是他联系Q组织派出去抓田中拓宇的那伙人发来的消息,他几乎已经忘记这件事情了,那些低等的诅咒师,为了钱什么都肯干的亡命之徒,他本来没抱什么希望。
[黄毛:人已经抓到了,我们现在就在你发出来的地址里。]
鸟居悠淳有些震惊,逃窜了几十年的田中拓宇,他找了这么多年都没找到的人,怎么可能会被一些名不见经传的小小诅咒师抓到,这太荒谬了。
他下意识以为这是为了骗取金钱的谎言,这些年里,不是没有人这样做过,拿着假消息和假人头来骗钱,只不过那些人最后都死了,死得很惨。
可他还是闭上眼睛静静感受着,微弱的咒力残秽在他脑海中清晰起来,一个他太熟悉的气息,找了几十年,恨了几十年,就算化成灰他也认得,田中拓宇。
居然是真的!
鸟居悠淳立刻站起来,他的动作有些仓促,膝盖撞在茶席边缘,发出一声闷响,茶水洒出来,浸湿了桌布。

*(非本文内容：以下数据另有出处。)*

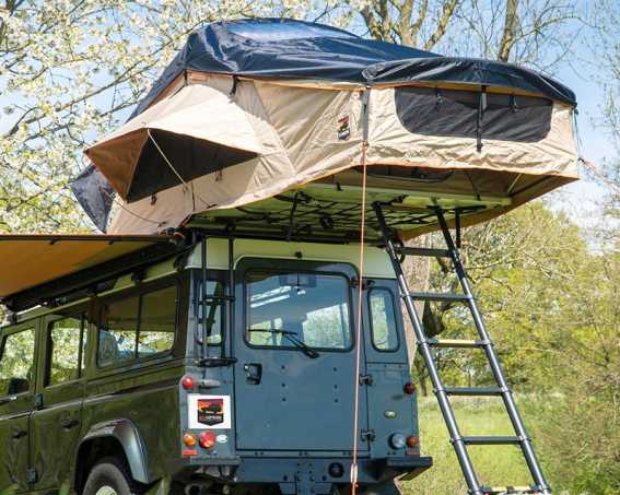 Zusätzliche Details: Rund um das Expedition Dachzelt sind Reißverschlüsse mit Eingangsabdeckungen und Moskitonetzen verbaut. Das "Flysheet" (Überdach) bietet Schatten und zugleich eine umfangreiche Belüftung. Dadurch wird der Schlafbereich durch Luftzirkulation mit Frischluft versorgt. Dank der ausgeklügelten Dachzelt-Konstruktion kann das Bettzeug während der Fahrt im Zelt verbleiben. Die mitgelieferte schwarz-eloxierte Teleskopleiter kann einfach an unterschiedliche Fahrzeughöhen bis auf eine Höhe von 230cm angepasst werden. Der Innenbereich ist mit Taschen und Netzen für Kleidung, Bücher und diverse Dinge ausgestattet. Offroadlampen und Taschenlampen können befestigt werden.

他顾不上这些,踉跄着走了几步,他走得急了,扶住门框才稳住身形,几十年修炼出来的从容,岁月打磨出的优雅,在这一刻都碎成了渣。
“大人?”门外的护卫见他走出来,立刻出声询问。
只是看见那有些散乱的头发,心里暗暗吃惊,跟了这位大人这么多年,从未见过他这副模样。
“外面来了人?”
“是的。”护卫低头答道,“距离宅子还有一段距离,不知道是不是您之前交代过的乐岩寺先生。”
“不是他。”鸟居悠淳立刻否认道,“让他们进来。”
“是。”
鸟居悠淳慢慢深呼吸,让理智渐渐回笼,他转身走回屋内,在茶席前坐下,重新开始煮茶,之前做过千遍的事情,此刻却做得磕磕绊绊,连热水都溅出来,烫在手背上。
他捂着被烫红的手,突然低低地笑了一声。
宅子的大门被推开,发出沉闷的声响,护卫只让几个人进入主宅,其余人要去偏厅呆着,即使诅咒师们再不满,但为了悬赏,还是忍住了。

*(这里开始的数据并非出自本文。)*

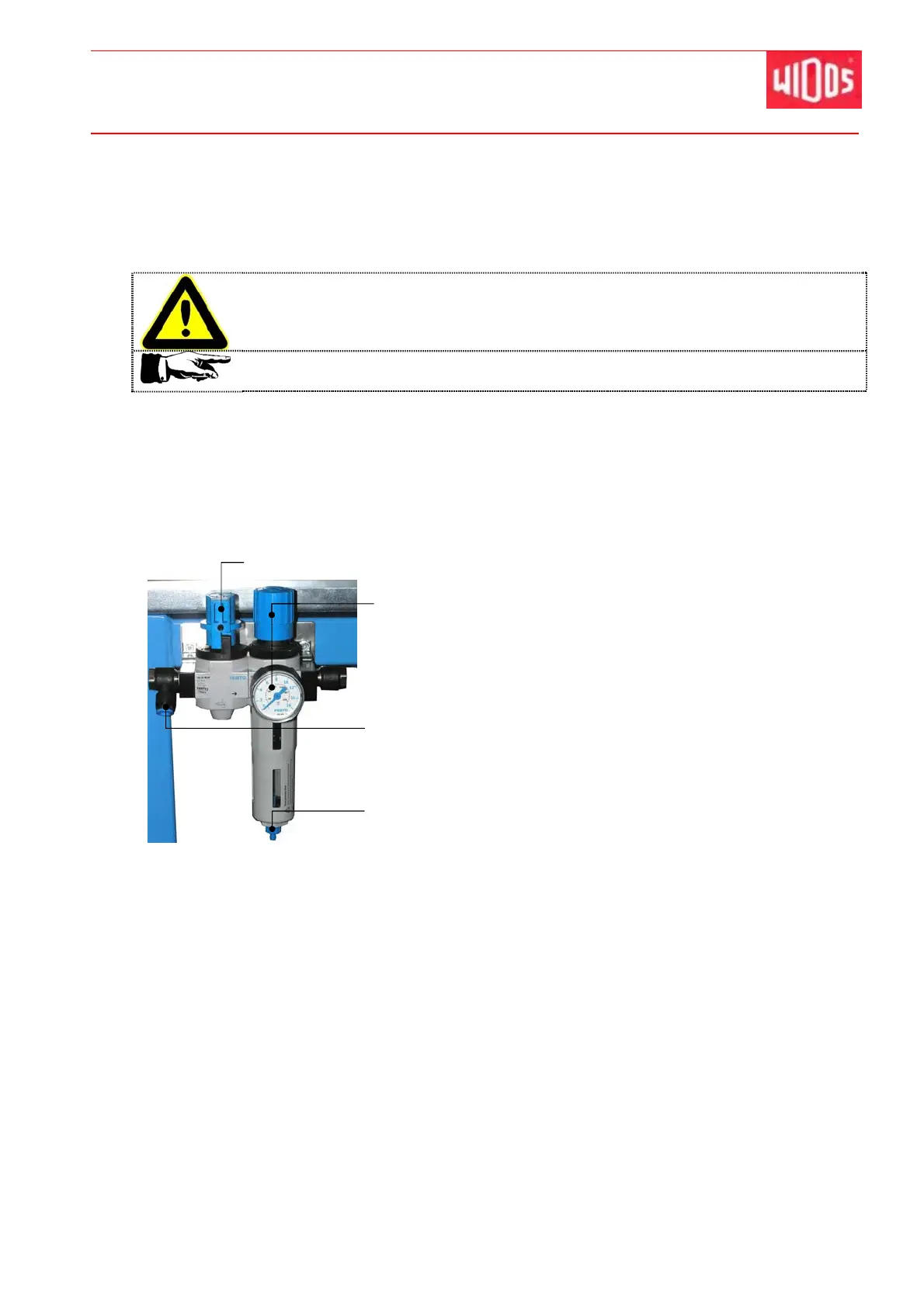 Press the pressure regulator button downwards (towards the housing). Thereby, it is

光头男率先进入屋内,之后是黄毛和独眼,他们带着被捆得严严实实的田中拓宇,他的头发散乱,衣服上沾着泥土和枯叶,整个人狼狈不堪。
一看见面前这人,鸟居悠淳就知道这就是田中拓宇本人,岁月在他的脸上留下来很深的烙印,身材同样是这样。
可那双曾经跟在他身后,叫他师兄的眼睛,还是和当年一样。
“许久不见。”鸟居悠淳轻笑道,声音里听不出任何波澜,他坐在茶席前,姿态优雅,仿佛刚才那个仓皇失措的人不是他,“师弟。”

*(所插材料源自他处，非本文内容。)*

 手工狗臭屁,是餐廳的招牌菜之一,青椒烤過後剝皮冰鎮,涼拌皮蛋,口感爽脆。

田中拓宇挣脱出黄毛和独眼的夹击,随意盘腿坐在垫子上,动作大大咧咧的,和这间雅致的茶室格格不入。
“是有很久不见了,师兄。”
那两个字从他嘴里说出来,带着一种说不清的意味。
田中拓宇也微微一笑,真没想到,真的是师兄要他的性命啊。
“我们的报酬呢。”
黄毛打断两人的叙旧,他的目光在鸟居悠淳身上打量,从和服看到茶具,心里估算着这人的身价。
“这可是活的。”他强调道,“活的,比死的贵。”
鸟居悠淳有些不喜,他讨厌这种市侩的嘴脸,这些低贱的诅咒师居然敢在他的茶室里放肆,可他没有表现出来,只是微微点了点头。
“之后我会立刻打到账户上。”
他顿了顿,目光扫过三人:“现在,你们可以走了。”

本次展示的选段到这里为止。